Viagogo, stylized by the company as viagogo, is a multinational ticket exchange and ticket resale brand. It is headquartered in the United States and owned by StubHub Holdings since 2021. It was founded in London in 2006 by Eric Baker as an online marketplace for consumers to buy and sell tickets to sports, music, theatre and comedy events.
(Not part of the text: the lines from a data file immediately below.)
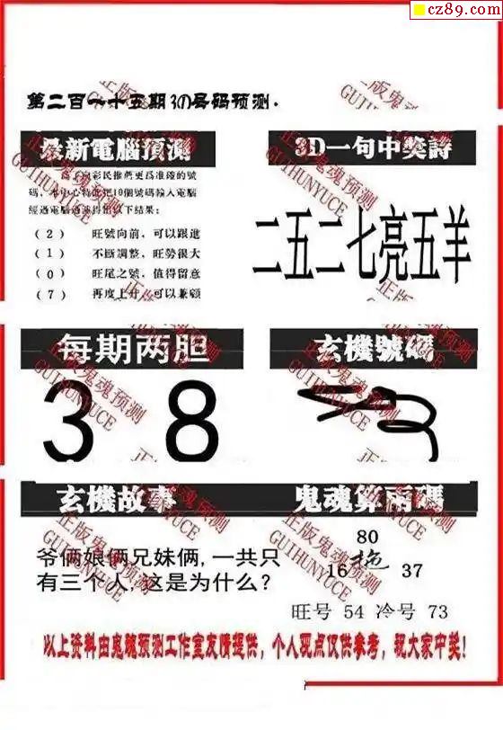 福彩3D2025332期 祁连牧哥百财纳福胆码图谜推荐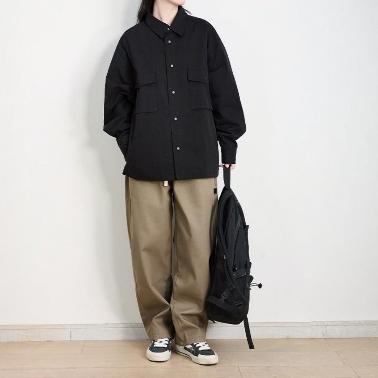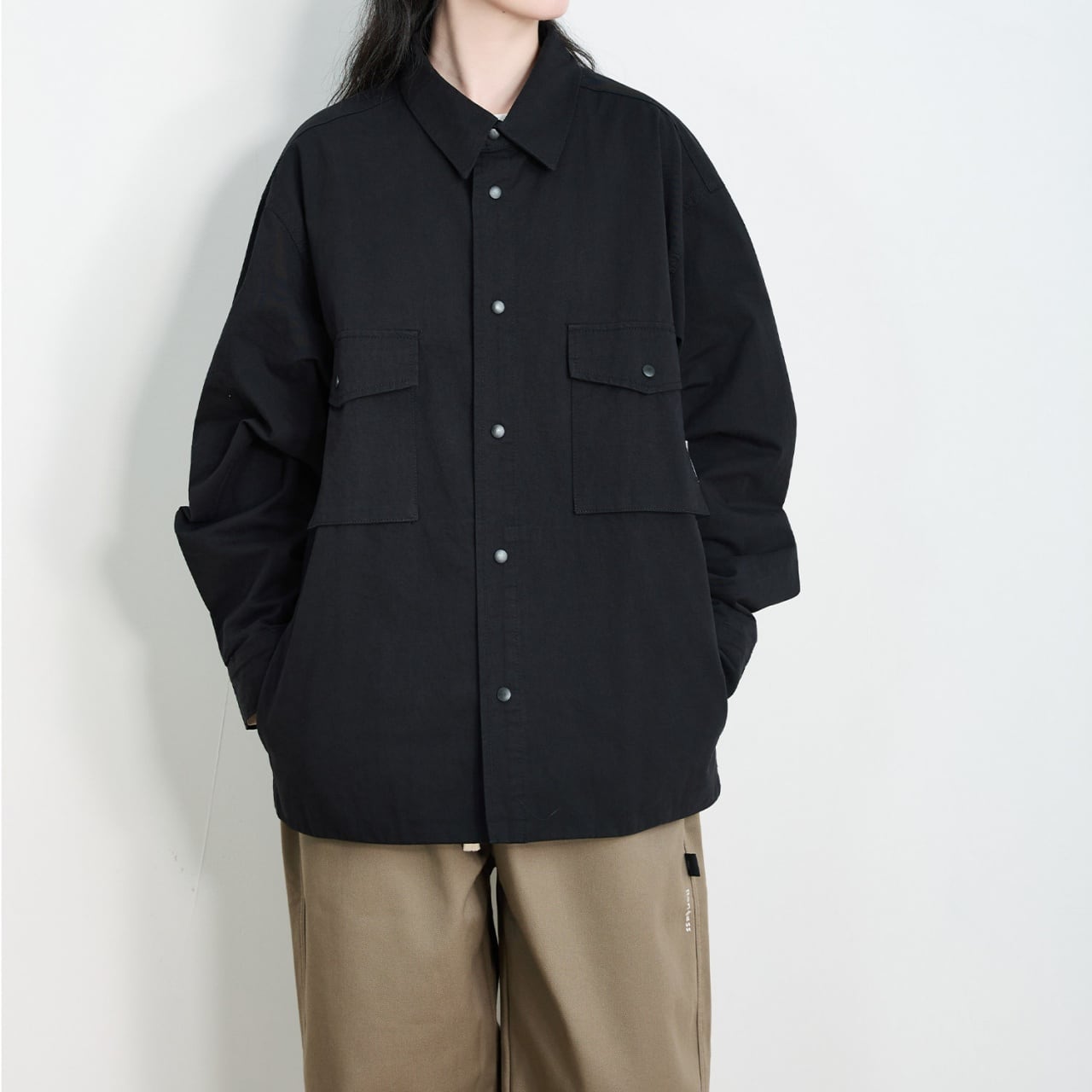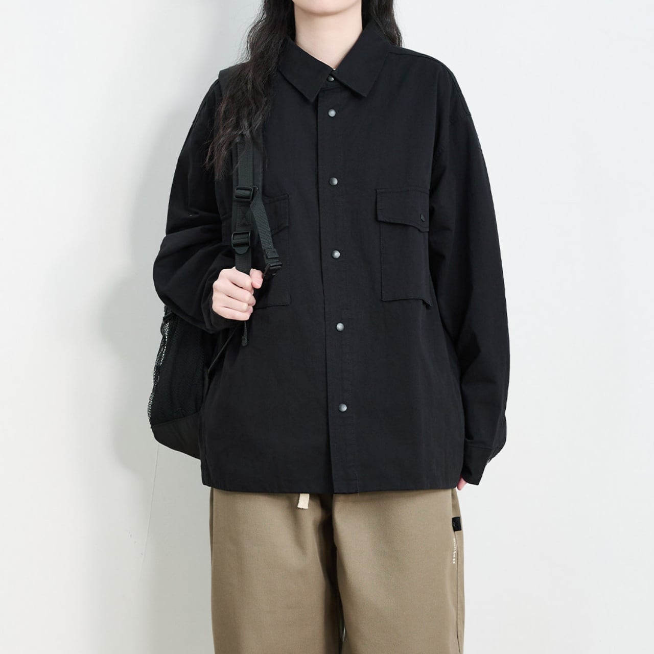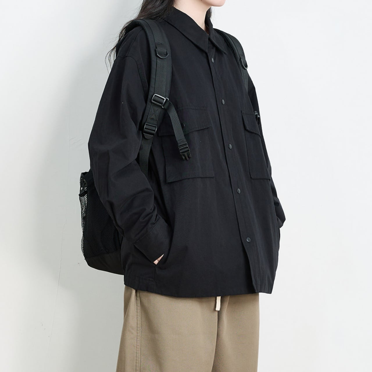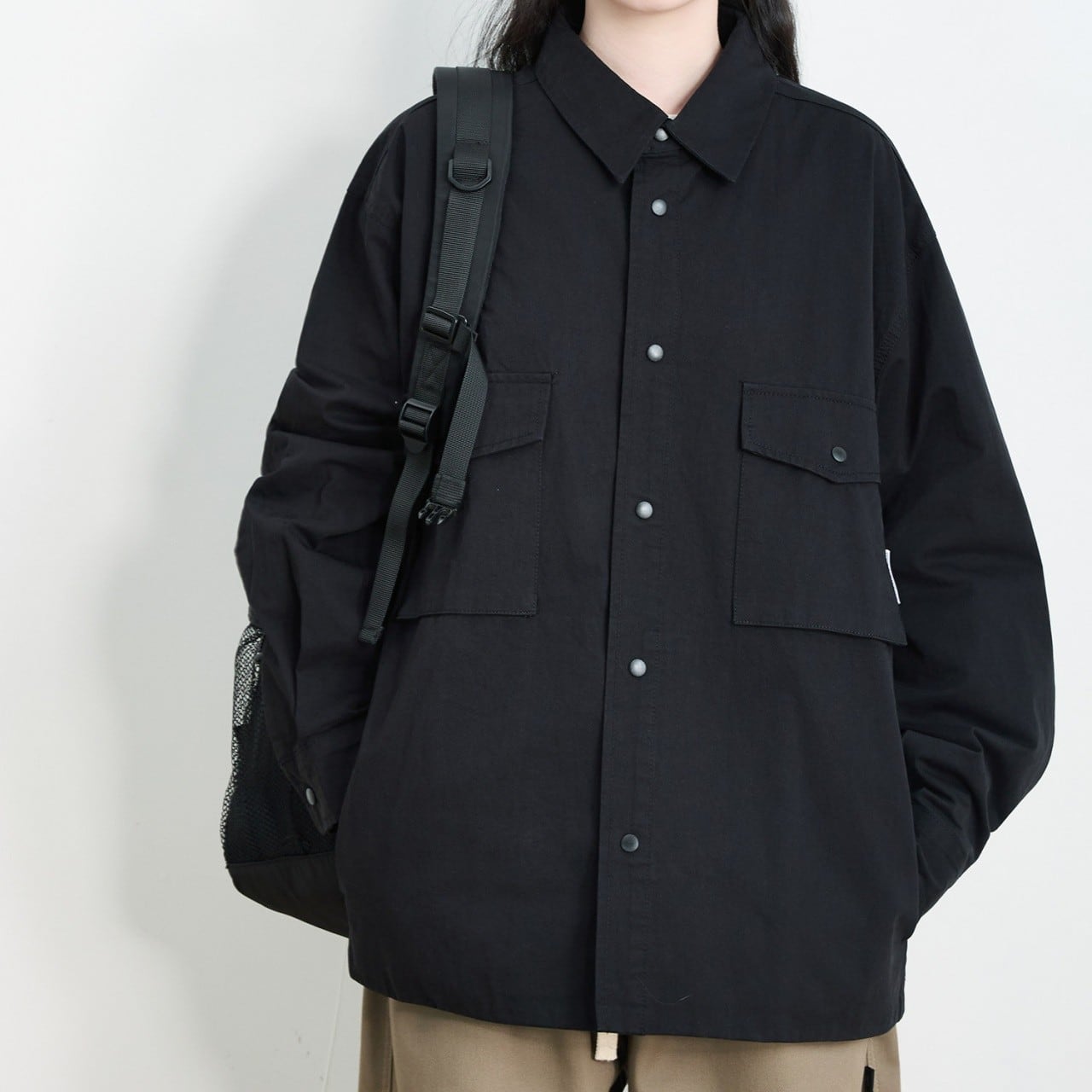 ユニセックスオーバーサイズダブルフラップポケットユーティリティジャケット A02002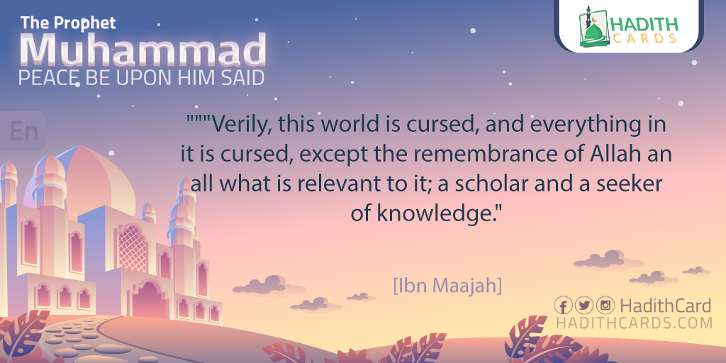"«ألا إن الدنيا مَلعُونة، مَلعُونٌ ما فيها، إلا ذكرَ الله تعالى، وما وَالاهُ، وعالما ومُتَعَلِّمَا».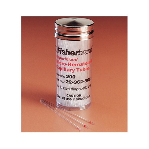 マイクロヘマトクリック用に最適。端はシーラント(粘土)や火炎でシール可能。1本ずつ取り出せるプラスチックバイアル入り。 |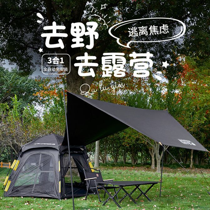 黑胶六角天幕一体自开帐篷  T-06(大号)防晒遮光

Viagogo is backed by investors such as Index Ventures, Brent Hoberman, and Jacob Rothschild. In February 2020 the company purchased StubHub for $4 billion with the merging process finalized in 2022.

The company has been criticized for inflation via ticket resale, lacking transparency, and in some cases, having sold counterfeit tickets. These controversies have led to legal action in some of the countries where Viagogo operates, and also led the UK Competition & Markets Authority to order changes to Viagogo's operations.

History

2006-2011
Viagogo was founded in 2006 in London as a secondary ticketing marketplace by Eric Baker, the co-founder of US-based StubHub. With sections established to provide an online marketplace for sports, music, theatre and comedy tickets, the company's launch included official partnerships with Chelsea FC and Manchester United FC, with the sports clubs sharing in the commission revenue on ticket resales. 

As unauthorized reselling of football tickets was illegal under British law in 2006, Viagogo's official reselling authorizations with Chelsea FC and Manchester United FC marked the first time Premier League tickets were legally resold in the United Kingdom. Manchester United ended its commercial agreement with Viagogo in 2011, also ending official resale of its season tickets in the process.

By 2006 Viagogo was backed by venture capital investment firm Index Ventures as well as Brent Hoberman and Jacob Rothschild, 4th Baron Rothschild. Officially debuting in the United Kingdom on August 18, 2006 as an online ticket exchange designed to bypass physical ticket resale, Viagogo stated it offered users more protection than competitors such as eBay by guaranteeing refunds for tickets that were fake or didn't arrive.

In August 2007, Viagogo branched into Germany partnered with Bayern Munich. With Baker as CEO, Viagogo raised £30 million in August 2007 from investors including Brent Hoberman, Bernard Arnault, Jacob Rothschild, and Index Ventures. Viagogo had local sites in Germany, Holland, and Hammersmith, London by 2008. Viagogo by that January had traded £50 million in tickets overall and signed deals with Warner Music and James Blunt. 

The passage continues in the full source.